▶ What you need to do
Without the pictures, reproduce the records that follow exactly.

[Items from a data source]

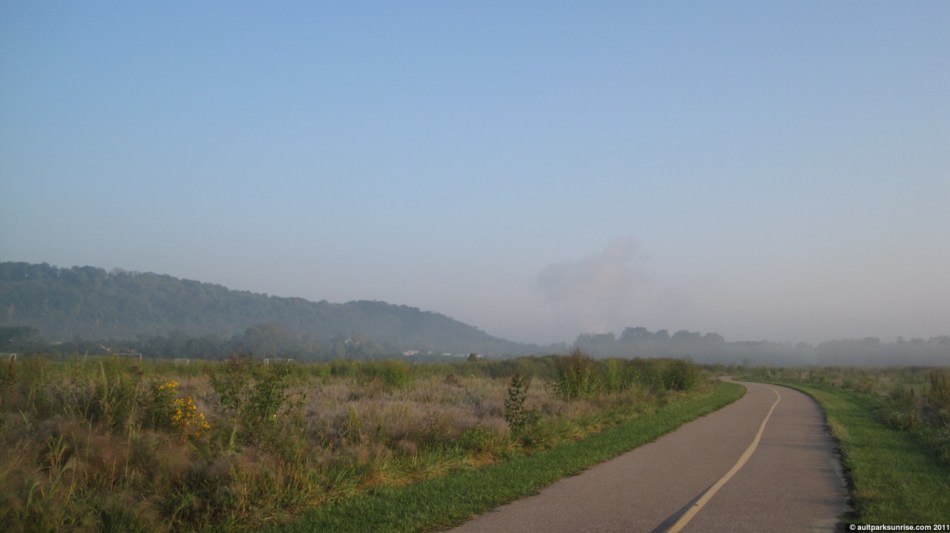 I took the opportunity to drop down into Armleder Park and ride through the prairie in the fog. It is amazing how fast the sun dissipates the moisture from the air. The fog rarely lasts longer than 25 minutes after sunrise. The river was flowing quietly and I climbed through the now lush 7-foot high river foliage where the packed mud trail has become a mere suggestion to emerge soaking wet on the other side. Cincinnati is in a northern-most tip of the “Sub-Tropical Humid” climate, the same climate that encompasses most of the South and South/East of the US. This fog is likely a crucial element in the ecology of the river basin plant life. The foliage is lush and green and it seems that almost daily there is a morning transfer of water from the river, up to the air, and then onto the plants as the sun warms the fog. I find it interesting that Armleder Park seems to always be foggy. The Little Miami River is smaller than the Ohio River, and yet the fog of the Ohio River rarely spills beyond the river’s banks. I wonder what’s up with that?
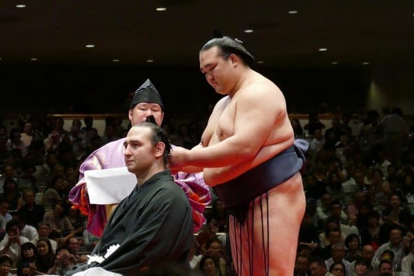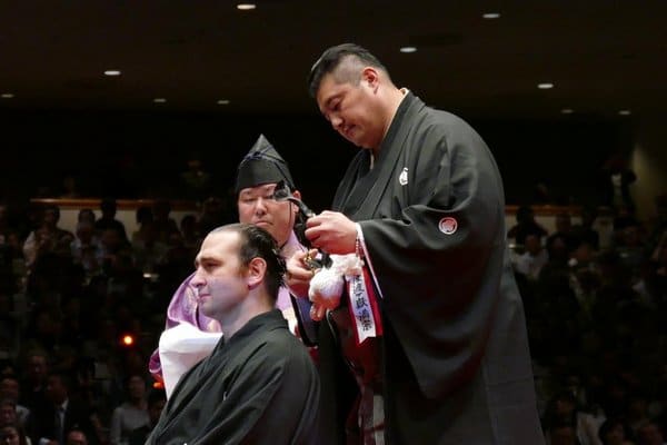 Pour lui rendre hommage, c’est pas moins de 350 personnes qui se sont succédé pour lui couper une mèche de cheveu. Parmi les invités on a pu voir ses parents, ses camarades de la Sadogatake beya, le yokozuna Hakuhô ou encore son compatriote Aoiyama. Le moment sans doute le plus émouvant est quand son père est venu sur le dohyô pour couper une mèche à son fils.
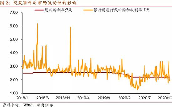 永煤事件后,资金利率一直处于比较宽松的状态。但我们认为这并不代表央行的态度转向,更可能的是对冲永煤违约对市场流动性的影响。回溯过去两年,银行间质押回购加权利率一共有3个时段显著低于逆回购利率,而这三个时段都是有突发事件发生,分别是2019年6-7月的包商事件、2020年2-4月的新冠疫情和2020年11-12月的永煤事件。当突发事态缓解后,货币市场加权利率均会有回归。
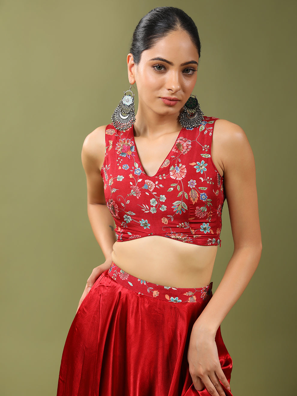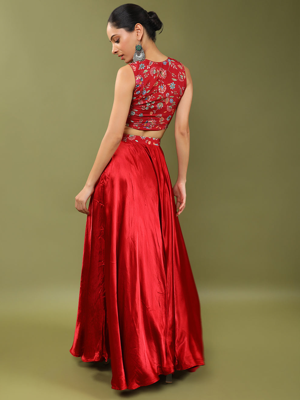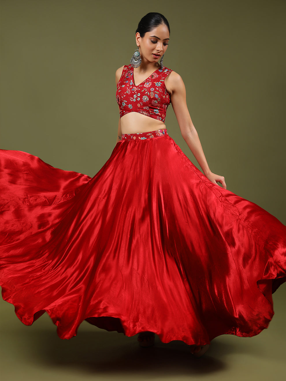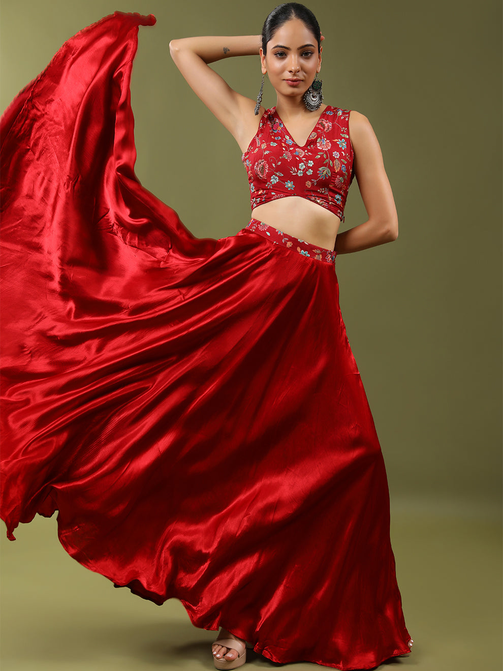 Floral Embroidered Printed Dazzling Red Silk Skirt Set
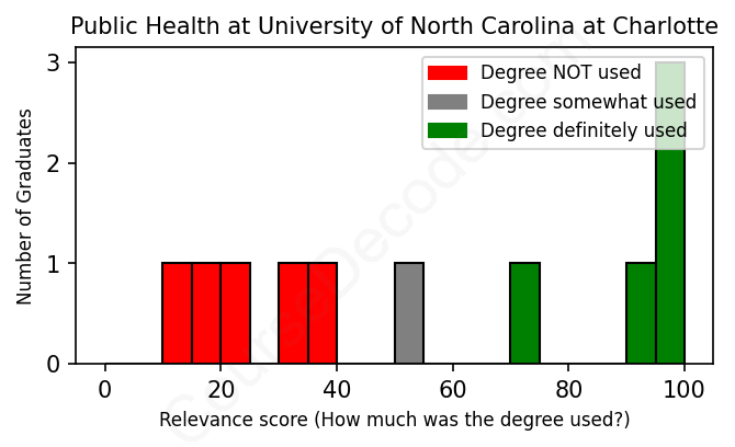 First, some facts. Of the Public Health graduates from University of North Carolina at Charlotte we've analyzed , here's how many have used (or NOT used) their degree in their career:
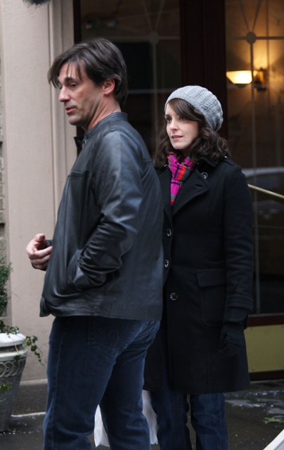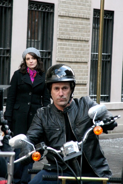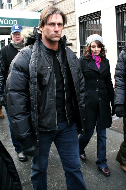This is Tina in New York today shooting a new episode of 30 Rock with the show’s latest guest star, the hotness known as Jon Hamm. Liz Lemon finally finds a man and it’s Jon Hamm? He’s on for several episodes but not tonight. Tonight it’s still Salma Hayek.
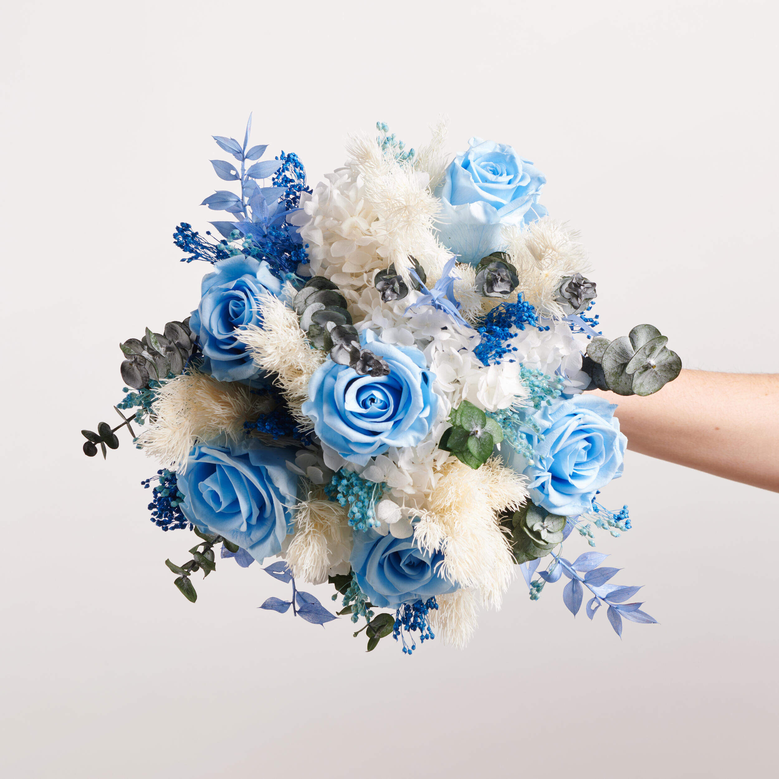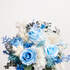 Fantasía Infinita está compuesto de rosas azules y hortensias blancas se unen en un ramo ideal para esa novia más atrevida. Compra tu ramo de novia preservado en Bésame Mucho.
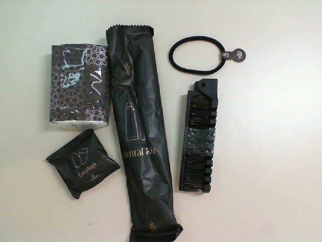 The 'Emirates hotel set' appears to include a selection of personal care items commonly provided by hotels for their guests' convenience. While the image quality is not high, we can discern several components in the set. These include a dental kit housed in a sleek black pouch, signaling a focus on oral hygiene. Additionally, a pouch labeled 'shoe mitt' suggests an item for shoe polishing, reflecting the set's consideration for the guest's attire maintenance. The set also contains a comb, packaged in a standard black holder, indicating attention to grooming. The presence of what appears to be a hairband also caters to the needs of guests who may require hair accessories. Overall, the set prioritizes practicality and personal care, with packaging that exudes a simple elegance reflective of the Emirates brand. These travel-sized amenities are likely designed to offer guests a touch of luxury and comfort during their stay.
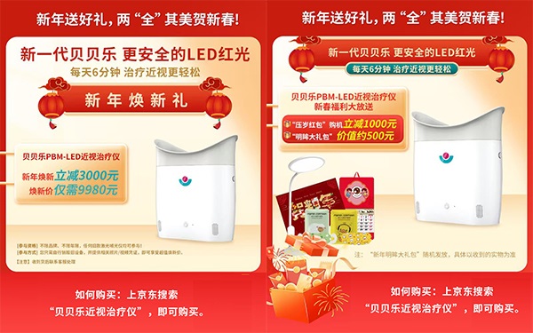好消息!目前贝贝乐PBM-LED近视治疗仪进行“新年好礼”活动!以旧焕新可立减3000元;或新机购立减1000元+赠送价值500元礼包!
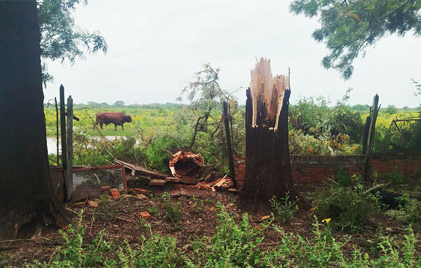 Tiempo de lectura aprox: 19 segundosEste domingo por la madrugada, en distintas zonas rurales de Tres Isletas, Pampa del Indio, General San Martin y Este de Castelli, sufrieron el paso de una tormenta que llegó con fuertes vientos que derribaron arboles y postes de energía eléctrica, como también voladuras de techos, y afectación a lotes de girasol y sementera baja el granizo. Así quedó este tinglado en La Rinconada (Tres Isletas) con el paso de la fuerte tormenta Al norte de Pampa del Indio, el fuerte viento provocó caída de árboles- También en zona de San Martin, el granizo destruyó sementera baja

▶ Exercise result
 I took the opportunity to drop down into Armleder Park and ride through the prairie in the fog. It is amazing how fast the sun dissipates the moisture from the air. The fog rarely lasts longer than 25 minutes after sunrise. The river was flowing quietly and I climbed through the now lush 7-foot high river foliage where the packed mud trail has become a mere suggestion to emerge soaking wet on the other side. Cincinnati is in a northern-most tip of the “Sub-Tropical Humid” climate, the same climate that encompasses most of the South and South/East of the US. This fog is likely a crucial element in the ecology of the river basin plant life. The foliage is lush and green and it seems that almost daily there is a morning transfer of water from the river, up to the air, and then onto the plants as the sun warms the fog. I find it interesting that Armleder Park seems to always be foggy. The Little Miami River is smaller than the Ohio River, and yet the fog of the Ohio River rarely spills beyond the river’s banks. I wonder what’s up with that?
 Pour lui rendre hommage, c’est pas moins de 350 personnes qui se sont succédé pour lui couper une mèche de cheveu. Parmi les invités on a pu voir ses parents, ses camarades de la Sadogatake beya, le yokozuna Hakuhô ou encore son compatriote Aoiyama. Le moment sans doute le plus émouvant est quand son père est venu sur le dohyô pour couper une mèche à son fils.
 永煤事件后,资金利率一直处于比较宽松的状态。但我们认为这并不代表央行的态度转向,更可能的是对冲永煤违约对市场流动性的影响。回溯过去两年,银行间质押回购加权利率一共有3个时段显著低于逆回购利率,而这三个时段都是有突发事件发生,分别是2019年6-7月的包商事件、2020年2-4月的新冠疫情和2020年11-12月的永煤事件。当突发事态缓解后,货币市场加权利率均会有回归。
 Floral Embroidered Printed Dazzling Red Silk Skirt Set
 First, some facts. Of the Public Health graduates from University of North Carolina at Charlotte we've analyzed , here's how many have used (or NOT used) their degree in their career:
This is Tina in New York today shooting a new episode of 30 Rock with the show’s latest guest star, the hotness known as Jon Hamm. Liz Lemon finally finds a man and it’s Jon Hamm? He’s on for several episodes but not tonight. Tonight it’s still Salma Hayek.
 Fantasía Infinita está compuesto de rosas azules y hortensias blancas se unen en un ramo ideal para esa novia más atrevida. Compra tu ramo de novia preservado en Bésame Mucho.
 The 'Emirates hotel set' appears to include a selection of personal care items commonly provided by hotels for their guests' convenience. While the image quality is not high, we can discern several components in the set. These include a dental kit housed in a sleek black pouch, signaling a focus on oral hygiene. Additionally, a pouch labeled 'shoe mitt' suggests an item for shoe polishing, reflecting the set's consideration for the guest's attire maintenance. The set also contains a comb, packaged in a standard black holder, indicating attention to grooming. The presence of what appears to be a hairband also caters to the needs of guests who may require hair accessories. Overall, the set prioritizes practicality and personal care, with packaging that exudes a simple elegance reflective of the Emirates brand. These travel-sized amenities are likely designed to offer guests a touch of luxury and comfort during their stay.
好消息!目前贝贝乐PBM-LED近视治疗仪进行“新年好礼”活动!以旧焕新可立减3000元;或新机购立减1000元+赠送价值500元礼包!
 Tiempo de lectura aprox: 19 segundosEste domingo por la madrugada, en distintas zonas rurales de Tres Isletas, Pampa del Indio, General San Martin y Este de Castelli, sufrieron el paso de una tormenta que llegó con fuertes vientos que derribaron arboles y postes de energía eléctrica, como también voladuras de techos, y afectación a lotes de girasol y sementera baja el granizo. Así quedó este tinglado en La Rinconada (Tres Isletas) con el paso de la fuerte tormenta Al norte de Pampa del Indio, el fuerte viento provocó caída de árboles- También en zona de San Martin, el granizo destruyó sementera baja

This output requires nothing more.